I could see some way to force re-tracing, as bug prevention. Something like callWithRetrace.

What's the return type from Function.define, or does it mutate some internal state? We should probably name them too.

Function.define would return a Function, MapFunction, or ListFunction, depending on what the definition returns. It's callable like ConcreteFunction. There's no internal state.

rnett commented 3 years ago

An update since I've been playing with generating function ops: there is a space for a function class that supports captures (maybe, I'd need to test the functional ops), variables, and the new init scope, but not retracing. This is equivalent to python's DeFun, and the main use for it is that since it only ever has one ConcreteFunction, you can pass it to ops like If. It also allows users to avoid re-tracing issues at the cost of some functionality (collection imports won't work, and Java ones only do if they are immutable, at which point they should be captures, so I'd forbid it). I'd prefer to keep ConcreteFunction separate, as a lower level API and for cases where you don't want an eager init scope, but they could be combined.
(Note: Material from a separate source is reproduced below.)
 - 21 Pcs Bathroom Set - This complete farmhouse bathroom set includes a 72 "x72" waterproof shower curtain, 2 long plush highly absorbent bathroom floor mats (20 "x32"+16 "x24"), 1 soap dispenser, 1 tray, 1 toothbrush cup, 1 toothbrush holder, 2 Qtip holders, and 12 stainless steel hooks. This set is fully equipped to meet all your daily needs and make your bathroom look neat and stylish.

rnett commented 3 years ago

Two more things I want to add to this, clarifying the above a bit:

Function types

I'd want three types of functions (names TBD):

Inlining is the ability to inline into an outer function graph (and maybe normal graph) and to execute in eager mode for debugging (w/ a global flag like Python), which requires keeping the definition lambda around.
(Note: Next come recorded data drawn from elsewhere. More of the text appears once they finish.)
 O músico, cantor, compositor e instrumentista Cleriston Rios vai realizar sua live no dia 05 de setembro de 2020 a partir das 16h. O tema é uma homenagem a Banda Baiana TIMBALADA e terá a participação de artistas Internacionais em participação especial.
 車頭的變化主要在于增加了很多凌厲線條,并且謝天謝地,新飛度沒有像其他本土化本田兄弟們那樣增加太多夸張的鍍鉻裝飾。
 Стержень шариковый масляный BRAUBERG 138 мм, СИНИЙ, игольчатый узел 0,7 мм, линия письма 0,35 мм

Polymorphism on input definers

I'm thinking of doing something like:

// not sure the type inference will work properly like this, may have to add helper functions w/ concrete types
public static DefinedFunction define(FunctionDefiner<? super CapturesAndInputs > def)
public static Function define(FunctionDefiner<? super InputSpec> def)

// possibly more, with different output types.  Or add type param for output type
public interface FunctionDefiner<T extends InputSpec>{
   public Outputs define(Ops tf, T inputs);
}

abstract class InputSpec{
    protected final Ops tf;
}
class CapturesOnly extends InputSpec{
    public Operand<T> capture(Producer<Operand<T>> value)
    public Operand<T> captureConstant(Operand<T> value)
}
class CapturesAndInputs extends CapturesOnly {
    public Operand<T> input(String name, Class<T> type)
}
class CapturesInputsAndJavaValues extends CapturesOnly {
    public T javaInput(String name, Class<T> type)
    public T javaCapture(Producer<T> value)
}

The exact hierarchy is still up in the air, I'm considering adding one for captures, inputs, and collection inputs, or maybe only having InputSpec, Captures, CapturesAndInputs, and Everything. The importance of those three is that InputSpec (i.e. nothing, Producer-like) is what is supported by all ops that take functions, Captures is what is supported by functions passed to ops like If that support passing inputs, CapturesAndInputs is what is supported by DefinedFunction, and everything is everything supported by Function.

That way we can have an If op method that looks like:

public Operand<T> ifOp(Operand<TBool> cond, FunctionDefiner<CapturesOnly> thenBranch, FunctionDefiner<CapturesOnly> elseBranch)

that uses DefinedFunction internally. There's some magic that needs to happen to find the captures and pass them through properly, so the signature might change slightly, but it shouldn't change too much. Most likely it will involve a new subclass of CapturesOnly w/ a shared capture pool. But that's an implementation detail that won't be exposed.